В открытые окна с улицы протекли сиреневые сумерки. Вано, тяжелый, широкий, округлый с неизменным добродушным выражением лица, прошел вдоль стены, зажигая светильники. На эстрадке заканчивали разминаться музыканты. Звуки долетали до столика и будоражили память. Они взглянули друг на друга: "Помнишь?" Отчего-то стало очень грустно. Первый танец... Алика взяла его за руку. Танцевали молча. А когда стало невыносимо грустно, не дожидаясь, когда замолкнет музыка, вышли на улицу. Он проводил ее до калитки. Возможность выбора еще оставалась. Можно было бы и войти, но он знал себя и понимал, что в таком случае с клоном ему уже не увидеться. Из двух свиданий выбирают более значимое. Грустно, но это не свидание с Аликой. Да и нужна ли эта близость, если то, что будет дальше - разведет их. Ему – да, а ей? Но вот память о себе, что-то красивое и нежное… Лирическое.
Лирика - это нежные слова и цветы. По части нежных слов Конкордатс был не мастак. А цветы... Что ж... Цветы - это можно. И нужно. Ведь он так и не сказал ей тех слов, которые она ожидала от него услышать. Ни разу. Да - цветы. Он принесет их под покровом ночной тьмы... Чтобы не переться с ними на виду всего Сиита, словно влюбленный баран. Оно и ко времени будет... Сегодня, перед тем, как идти к клону, принести ей цветы и положить на подоконник. Тихо, не объявившись.
Но где их взять? В Сиите многие выращивают цветы. Он перебрал в уме несколько имен. Нет, ни один вариант не подходил: или далеко, или пропажа будет слишком заметна, поскольку нарушит композицию. И вдруг его словно осенило: Ерофеич! У него, конечно, клумб не водилось - только грядки с огородиной, но кусты сирени в огороде росли: она ведь ухода не требует, а "душевную радость" приносит. Сирень - то, что нужно: ярко, свежо, нарядно! И ущерб не так велик, чтобы из-за него поднимать скандал и начинать розыск злоумышленника. Да и, скорей всего, пропажа останется незамеченной.
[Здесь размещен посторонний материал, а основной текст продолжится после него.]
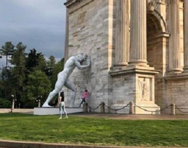 FIRENZE – Una figura maschile monumentale di circa 6 metri, nuda, si appoggia all’Arco della Pace, a Milano; il suo nome è Mr Arbitrium’, opera in resina dello scultore Emanuele Giannelli. Dopo essersi appoggiata a chiese e monumenti a Pietrasanta, Lucca e Carrara, la statua dalle proporzioni neoclassiche rimarrà installata a Milano fino al prossimo 15 luglio, per poi tornare in Toscana, con tappa alla chiesa di San Lorenzo a Firenze.

Ночная тьма уже сгустилась над Сиитом. Конкордатс бесшумно перемахнул через ограду: просить об одолжении этого бурбона он не собирался. Да и вообще, он не привык просить, а тем более объяснять причины своей просьбы. Тем более, что в данном случае был особый смак в том, чтобы ободрать Ерофеичеву сирень тайком! Оглянулся на дом: свет едва теплился в дальнем окне. Если и услышит - не успеет. Вот она и сирень: запах, густой и дурманный, опьянил Конкордатса. Он вынул кинжал и принялся срубать ветки, которые падали к ногам тяжелыми, беззвучными тенями.
- Что ж ты делаешь, басурманин!? - Внезапно раздалось от дома.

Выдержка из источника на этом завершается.